In picking Rep. Paul Ryan, Mitt Romney has taken a risk. The Wisconsin lawmaker has emerged in recent years as the ideological standard-bearer for his party, and in particular for its radical push to shrink the size of government. “To envisage what Republicans would do if they win in November, the person to understand is not necessarily Romney, who has been a policy cipher all his public life,” Ryan Lizza wrote in The New Yorker last week. “The person to understand is Paul Ryan.”
Here are 5 things you should know about Romney’s new running mate:
• The Ryan budget, “The Path to Prosperity,” would end Medicare as we know it by turning it into a voucher program, slash food stamps for struggling Americans, and turn Medicaid over to the states. Virtually the entire GOP, including Romney, have signed onto the plan as a centerpiece of the party’s legislative agenda.
• Ryan’s plan also would further tilt the tax system toward the rich.
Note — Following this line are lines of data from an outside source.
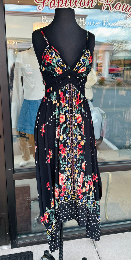 Current Air Black Mini Dress With Lace Sleeve Detail
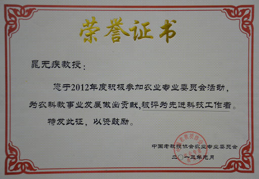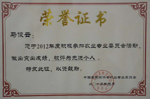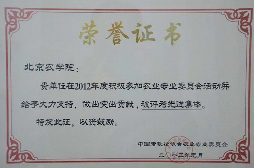 近日,中国老教授协会农业专业委员会举办2012—2013年度理事扩大会暨联谊会,会上表彰了在2012年积极参加农业专业委员会活动并做出突出贡献的的集体和个人。世界杯官网获中国老教授协会农业专业委员会授予的“先进集体”称号,晁无疾教授获“先进科技工作者”称号,马俊云同志被评为“先进个人”。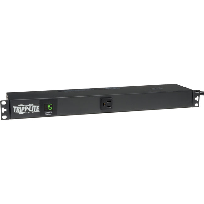 Tripp Lite's PDUMH15 AC power distribution unit offers a digital current monitor and provides 15 amps of 120 volt capacity in a versatile multi-mount cabinet. Detachable mounting flanges are configurable for wallmount, under-counter, or 1U/0U rackmount installation. Uses only 1U of rack space when installed in any 19-inch rack, with the potentional for zero U mounting in the cable management area of most rack enclosures. Built-in digital ammeter display offers continuous visual power consumption data for the entire PDU. Attractive rackmount housing with 1 front and 12 rear facing outlets measures only 4.5 inches in depth. Unfiltered electrical pass-through without a power switch makes the PDUMH15 ideal for distributing alternate waveform UPS or generator power in rack enclosures, network closets, and more. Includes 12 rear facing NEMA 5-15R and one front facing outlet, 15-ft. AC power cord, 15 amp breaker, TVSS grounding lug and rugged all metal rackmount case design.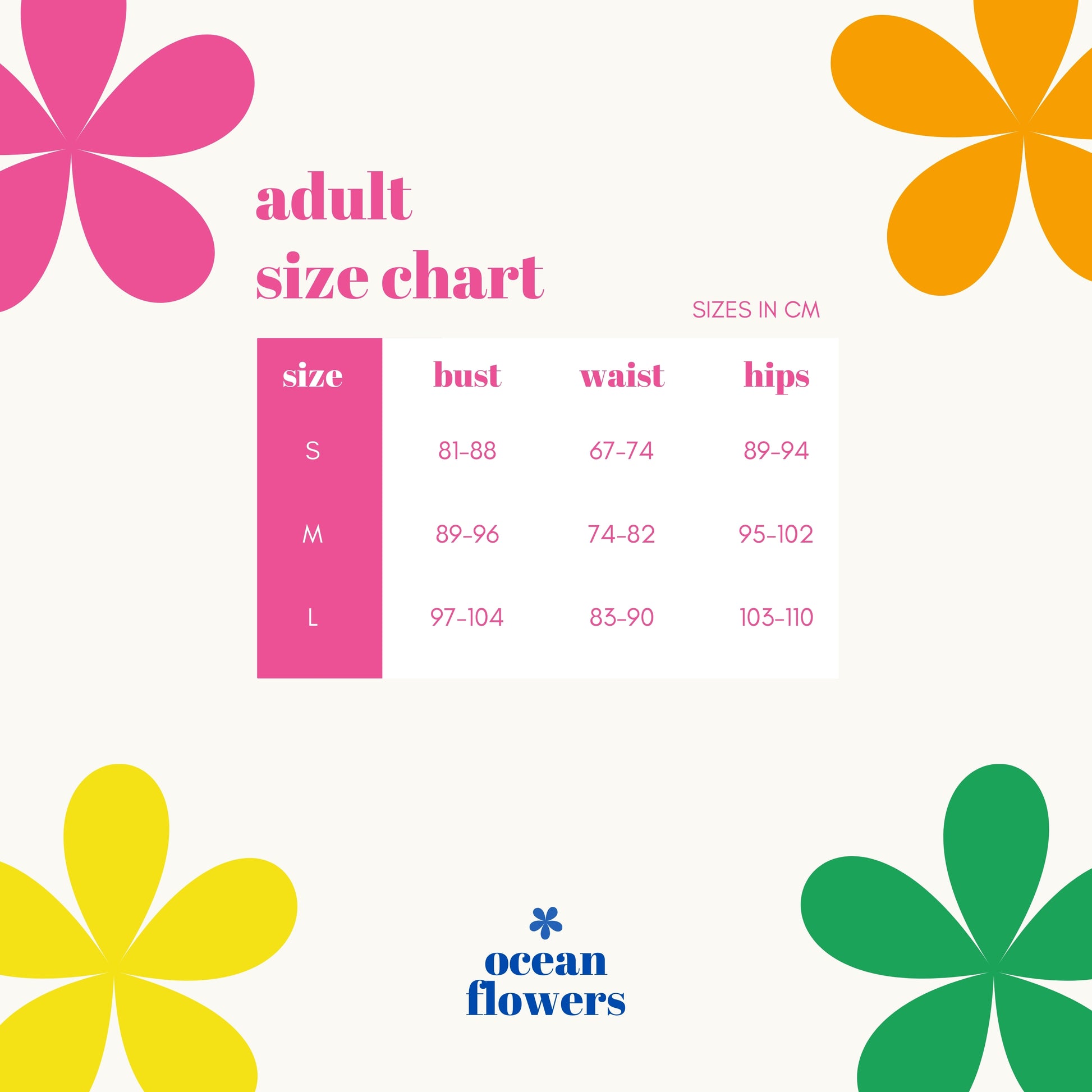 Ocean Flowers are made with high-quality materials so they can be passed down from generation to generation. However, there are a few precautions to keep in mind: carefully hand wash with cold water to remove salt and chlorine residues. Let the swimsuit dry in the shade and only store it when it is dry.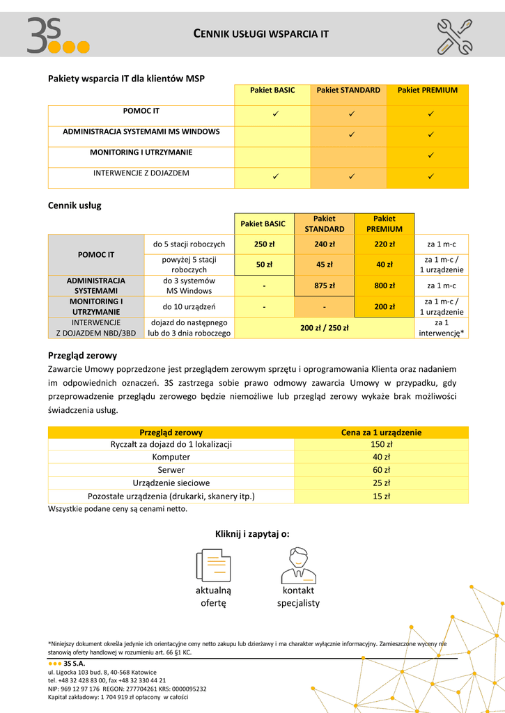 CENNIK USŁUGI WSPARCIA IT Pakiety wsparcia IT dla klientów MSP Pakiet BASIC POMOC IT Pakiet STANDARD ADMINISTRACJA SYSTEMAMI MS WINDOWS Pakiet PREMIUM MONITORING I UTRZYMANIE INTERWENCJE Z DOJAZDEM Cennik usług do 5 stacji roboczych POMOC IT ADMINISTRACJA SYSTEMAMI MONITORING I UTRZYMANIE INTERWENCJE Z DOJAZDEM NBD/3BD Pakiet BASIC Pakiet STANDARD Pakiet PREMIUM 250 zł 240 zł 220 zł za 1 m-c 50 zł 45 zł 40 zł za 1 m-c / 1 urządzenie - 875 zł 800 zł za 1 m-c - - 200 zł powyżej 5 stacji roboczych do 3 systemów MS Windows do 10 urządzeń dojazd do następnego lub do 3 dnia roboczego 200 zł / 250 zł za 1 m-c / 1 urządzenie za 1 interwencję* Przegląd zerowy Zawarcie Umowy poprzedzone jest przeglądem zerowym sprzętu i oprogramowania Klienta oraz nadaniem im odpowiednich oznaczeń. 3S zastrzega sobie prawo odmowy zawarcia Umowy w przypadku, gdy przeprowadzenie przeglądu zerowego będzie niemożliwe lub przegląd zerowy wykaże brak możliwości świadczenia usług. Przegląd zerowy Ryczałt za dojazd do 1 lokalizacji Komputer Serwer Urządzenie sieciowe Pozostałe urządzenia (drukarki, skanery itp.) Cena za 1 urządzenie 150 zł 40 zł 60 zł 25 zł 15 zł Wszystkie podane ceny są cenami netto. Kliknij i zapytaj o: aktualną ofertę kontakt specjalisty *Niniejszy dokument określa jedynie ich orientacyjne ceny netto zakupu lub dzierżawy i ma charakter wyłącznie informacyjny. Zamieszczone wyceny nie stanowią oferty handlowej w rozumieniu art. 66 §1 KC. ●●● 3S S.A. ul. Ligocka 103 bud. 8, 40-568 Katowice tel. +48 32 428 83 00, fax +48 32 330 44 21 NIP: 969 12 97 176 REGON: 277704261 KRS: 0000095232 Kapitał zakładowy: 1 704 919 zł opłacony w całości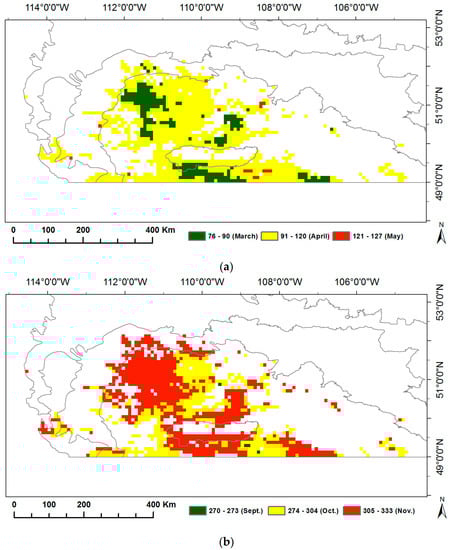 Long-term means of the start of growing season (SOG) (a) and the end of growing season (EOG) (b) of grasslands in the prairie ecozone over 1982–2014.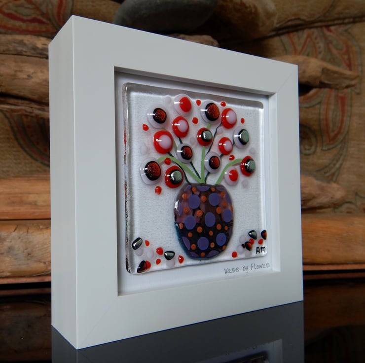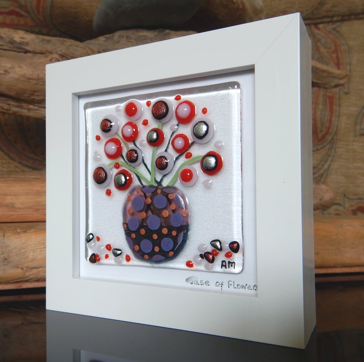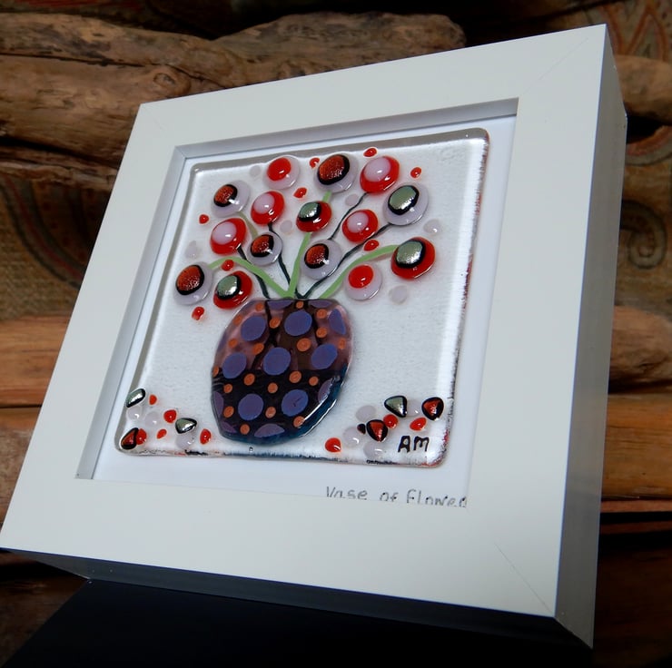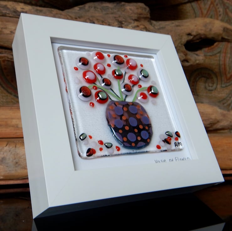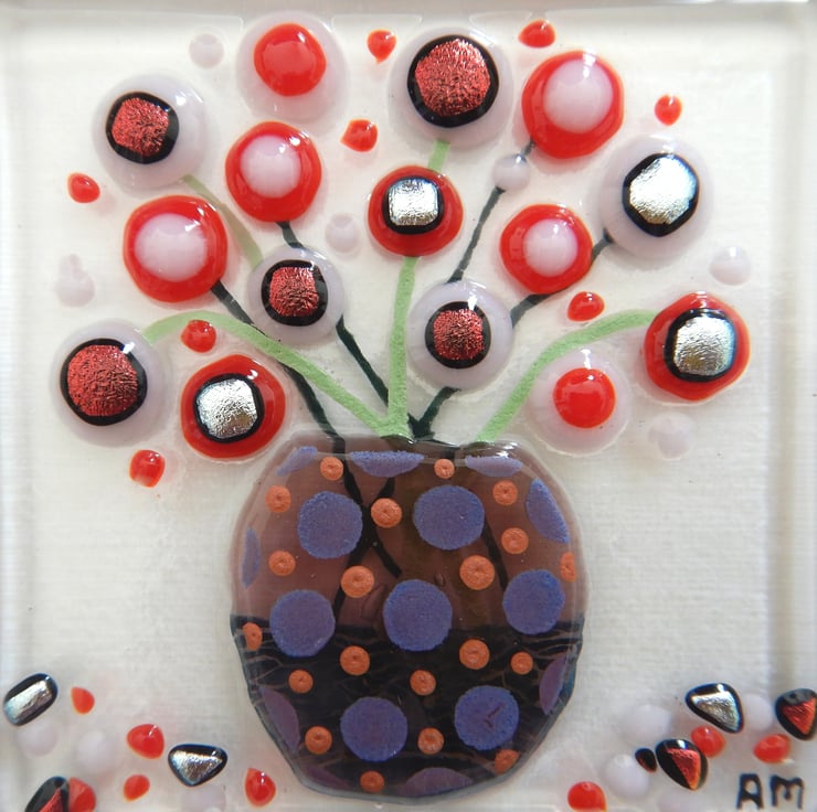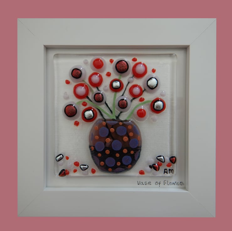 'Vase of Flowers' is made completely from glass which has been fused in my kiln. There is no enamel, glass paint or any other materials used, this picture is 100% pure bullseye fusing glass!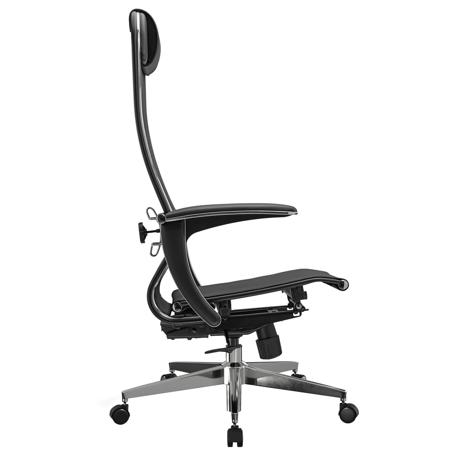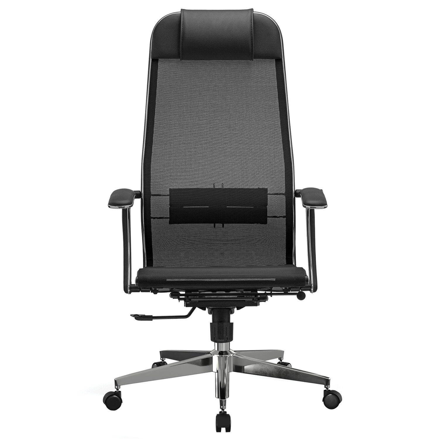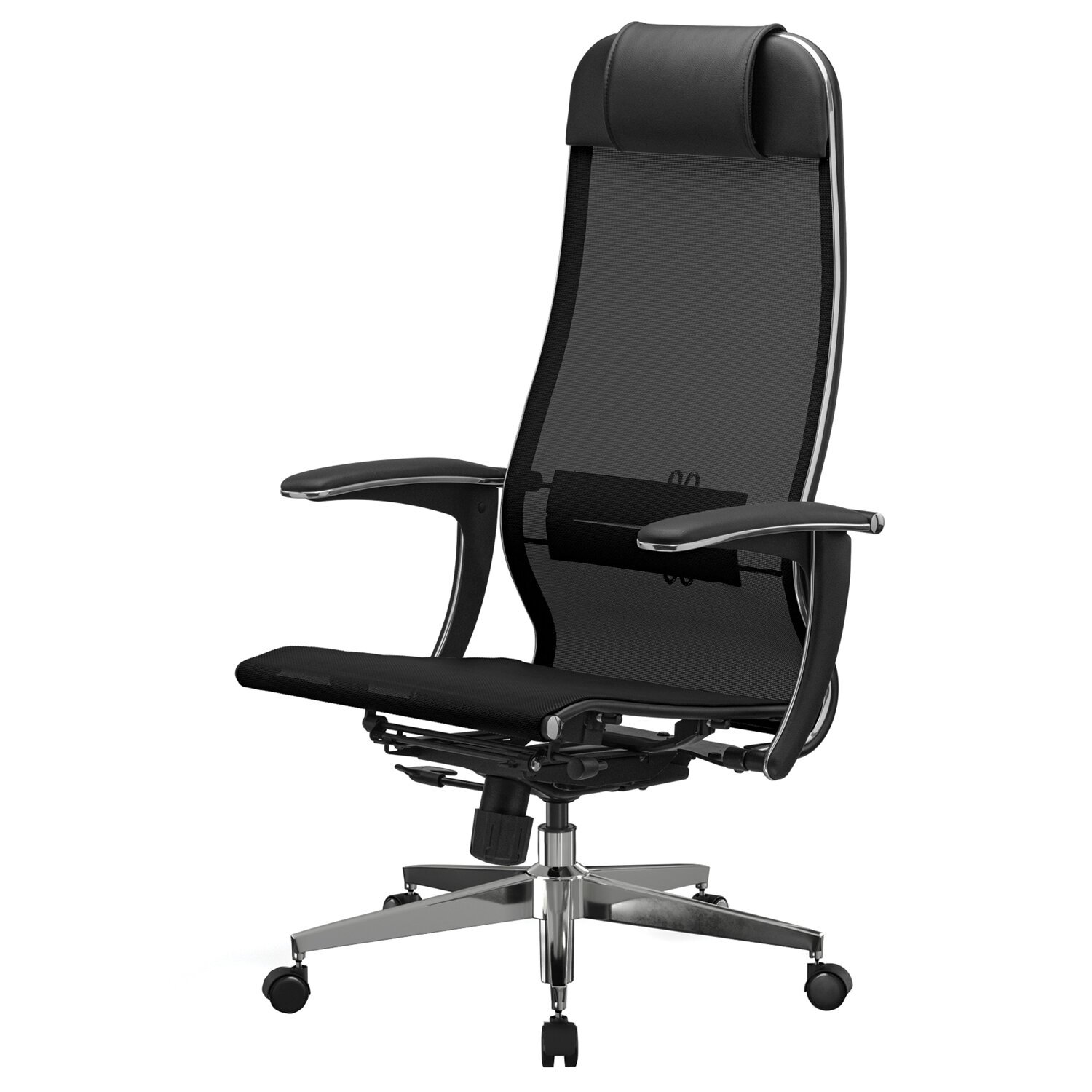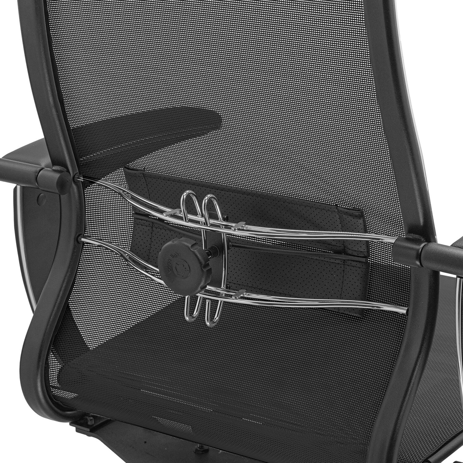 Кресло офисное МЕТТА "К-4-Т" хром, прочная сетка, сиденье и спинка регулируемые, черное

He’d extend the Bush tax cuts for the richest 2 percent, but not President Obama’s cuts for those who earn the least. Here’s a chart, compiled by the Center on Budget and Policy Priorities, which shows the skewed distribution:
• Ryan also supports privatizing Social Security and turning it over to Wall Street. Had the plan been in effect during the 2008 financial crisis, millions of seniors’ benefits would likely have been decimated.